» **Exercise objective**
Starting at the first line of the data, print each line verbatim up to and including the line bearing "Cashmere Wool Stripe Cardigan in Grey/Blue", omitting pictures.
Dataset section below:
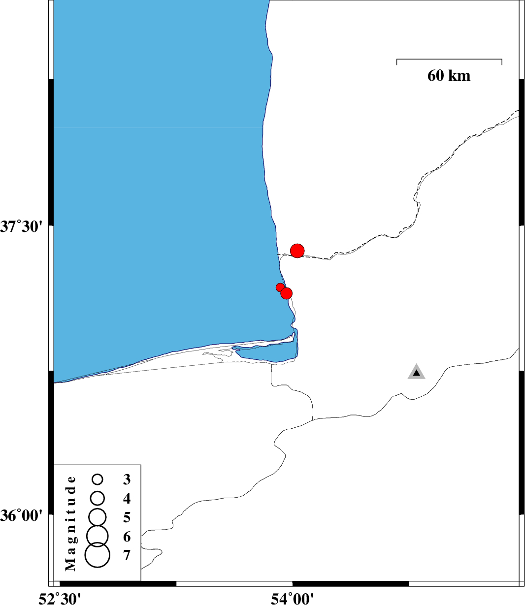2014/03/24 | 04:11:20.5 | 08:41:20.5 | 37.18 | 53.92 | 15 | ML:2.5 | Caspian Sea, 34 km North-West of Bandar-e torkaman |
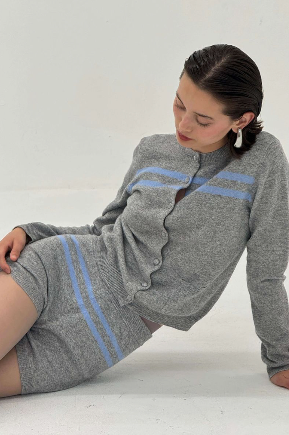 Cashmere Wool Stripe Cardigan in Grey/Blue
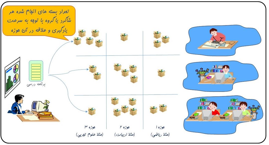 پس لازم است کلاس درس را از حالت سخنرانی خارج کنیم. باید فضای کلاس را به گونهای شکل دهیم که هر شاگرد، به بستههای آموزشی که در اختیار او قرار دارد مراجعه کرده، بستهها را دریافت کند، و آنها را مطالعه و انجام دهد. شاگردی میتواند کندتر، شاگردی میتواند سریعتر باشد.
End of Dataset section.
» **Solved exercise**
2014/03/24 | 04:11:20.5 | 08:41:20.5 | 37.18 | 53.92 | 15 | ML:2.5 | Caspian Sea, 34 km North-West of Bandar-e torkaman |
 Cashmere Wool Stripe Cardigan in Grey/Blue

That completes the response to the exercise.